Bağdat'a götürülen 11 askerimizin nasıl kötü muameleyle karşı karşıya bırakıldığını anlattı.
Irak'ın Süleymaniye kentinde 4 Temmuz 2003'te yaşanan ve Türk askerlerinin başına çuval geçirildiği baskın sırasında Özel Kuvvetler Komutanı Yardımcısı olan emekli Tuğgeneral Abdullah Kılıçarslan ilk kez konuştu.
Bağdat'a götürülen 11 askerimizin kötü muameleyle karşı karşıya bırakıldığını belirten Kılıçarslan, “Sorguda sert müdahale görünce, bizimki de karşısındakine tekme atmış” dedi. Kılıçarslan, İran tarafından esir alınan İngiliz askerlerinin açıklamaları için ise “Profesyonel askerin böyle açıklamalarda bulunması söz konusu olamaz. Askerlik şeref ve haysiyeti var” diye konuştu.
İngiliz esir krizini değerlendirdi
Kılıçarslan, İngiltere ile İran arasında yaşanan esir asker krizini değerlendirirken, Türk askerlerine Bağdat'ta yapılan sorgulamada yaşananlarla ilgili önemli bilgiler verdi:
“Sorguda, 'bunu yapıyorsunuz, şunu yapıyorsunuz' diye sorular sorulmuş çocuklara. Sorgu esnasında, şiddet kullanılmış. Çok uzatmamışlar, ama yemek vermemişler, susuz bırakmışlar, açıkta bırakmışlar. Ancak sorguda sert müdahale görünce, bizimki de tekme atmış karşısındakine. Ama bu tür faaliyetler, Türk personel olduklarını bildikleri için kısa kesilmiş”
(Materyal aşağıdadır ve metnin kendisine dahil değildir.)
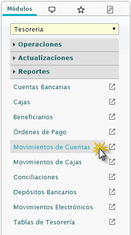 b. Luego de ingresar en eFactory debemos seleccionar el módulo Tesorería, componente Actualizaciones, maestro Movimientos de Cuentas.

Ağustos 2006'da emekli oldu
Askerlik kariyerinin önemli bir bölümünü Özel Kuvvetler Komutanlığı (ÖKK) çatısı altında geçiren Kılıçarslan'ı, kamuoyu Süleymaniye baskınıyla tanıdı. 2003'te Özel Kuvvetler Komutan, Yardımcılığı görevini yürüten Kılıçarslan, bölgeye giderek olayları Ankara'ya rapor eden üst düzey yetkili oldu. Kılıçarslan, Ağustos 2006'da Ankara Merkez Komutanlığı görevinden emekliye ayrıldı.
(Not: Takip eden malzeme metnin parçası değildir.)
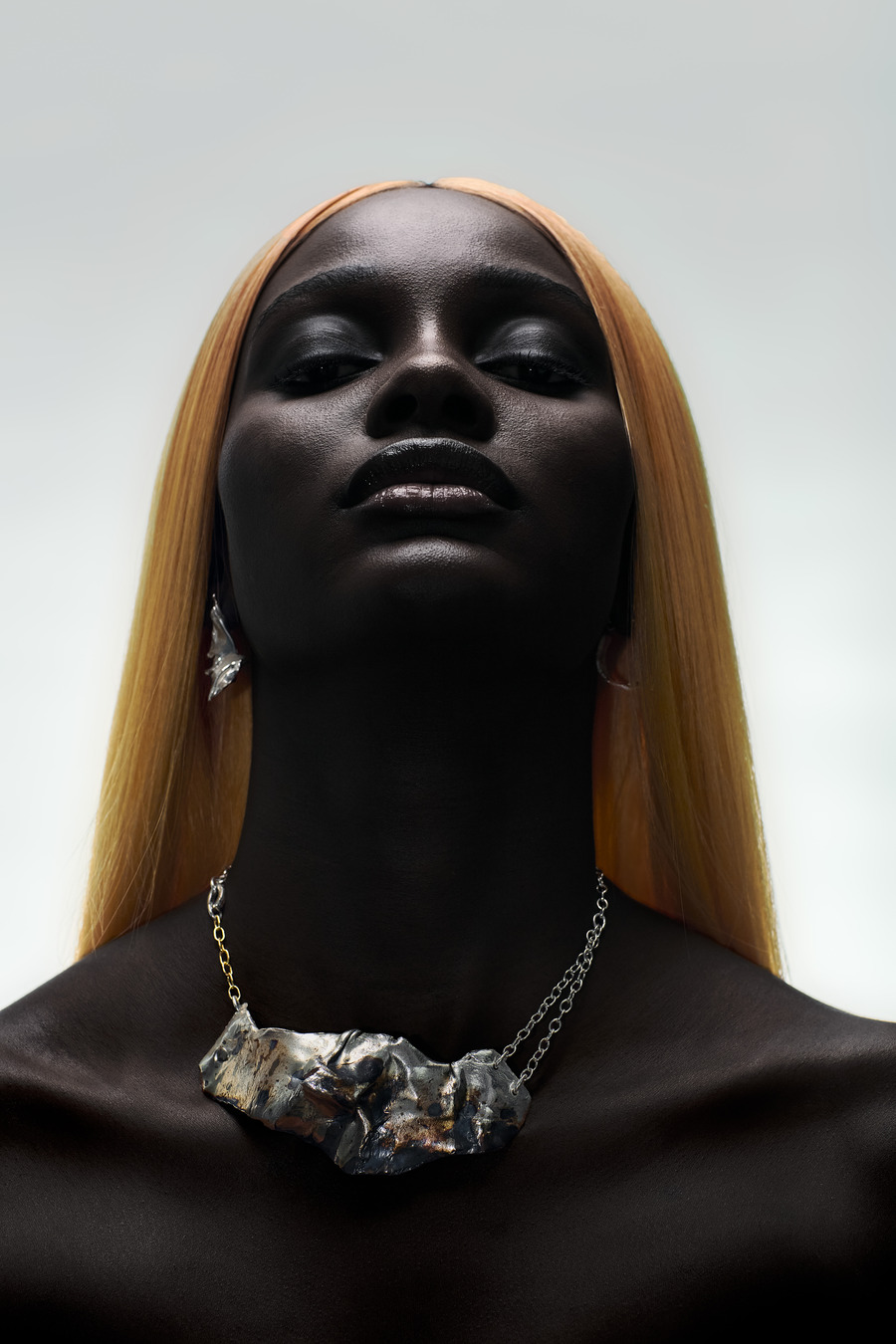 The latest collection, LIQUIDE MODERNITY, serves as a testament to MELOSI’s adventurous spirit, delving into the fluidity and metamorphosis inherent in contemporary self-expression. This collection is a sculptural feast for the eyes, with pieces that explore dynamic themes of folding, crumpling, and bending, reflecting the ever-evolving nature of identity in today’s world.

İngilizlerde korku ve panik
Kılıçarslan, İran'ın elindeki İngiliz askerlerin, tutum ve açıklamalarıyla ilgili olarak da şu değerlendirmelerde bulundu:
“Profesyonel bir askerin böyle açıklamalarda bulunması söz konusu olamaz. Bunlarda herhalde büyük korku, panik hâkim, tahmin ediyorum. Döndükleri zaman yargılanmaları lazım, ilgili ülke tarafından. Vermiş oldukları yemin var askerlikle ilgili. Hangi durumda neleri söyleyecekler, neleri söylemeyecekler. Askerlik şeref ve haysiyeti var. Milli onur var.”
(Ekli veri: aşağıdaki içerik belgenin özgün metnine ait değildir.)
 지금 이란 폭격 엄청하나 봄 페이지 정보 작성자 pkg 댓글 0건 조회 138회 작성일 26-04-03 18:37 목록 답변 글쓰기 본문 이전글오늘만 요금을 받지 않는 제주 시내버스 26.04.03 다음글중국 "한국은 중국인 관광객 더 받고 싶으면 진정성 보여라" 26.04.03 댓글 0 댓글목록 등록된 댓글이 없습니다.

Vatandaş, 'Vay anasını' dedi
“Türkiye'de halk, Irak devrik lideri Saddam Hüseyin'in idamında, Saddam'ı sevmese bile onun arkasına geçti. Aynı şey bu olayda da oldu. İran Cumhurbaşkanı Mahmud Ahmedinecad'ı sevmeyen Türk halkı, İngiltere'ye karşı yapmış olduğu bu hareketten dolayı ona sempati duydu. 'Vay anasını, biz yapamıyoruz, adam ne iş yaptı' dedi. İran'ın yaptığı yanlış. İlgili ülkenin askerlerini, kendi ülkesine karşı kullanmaya yönlendiriyor. Askerliğin bilinen evrensel kurallar içinde olmaması gereken bir konu. Onurlu bir duruş olması lazım esirler arasında. İlgili ülke de, esirlere onur ve haysiyetini kırmayacak şekilde davranmalı.”
Emekli Orgeneral Kemal Yavuz da İngiliz askerlerinin İran'ın propagandasına alet olduğunu belirterek, “Bunun hesabını mutlaka sorarlar, döndükten sonra yargılanırlar. Rehinelerin kendilerine yapılan baskıyı reddetmesi lazım. İran'ın tutumu da yanlış” dedi.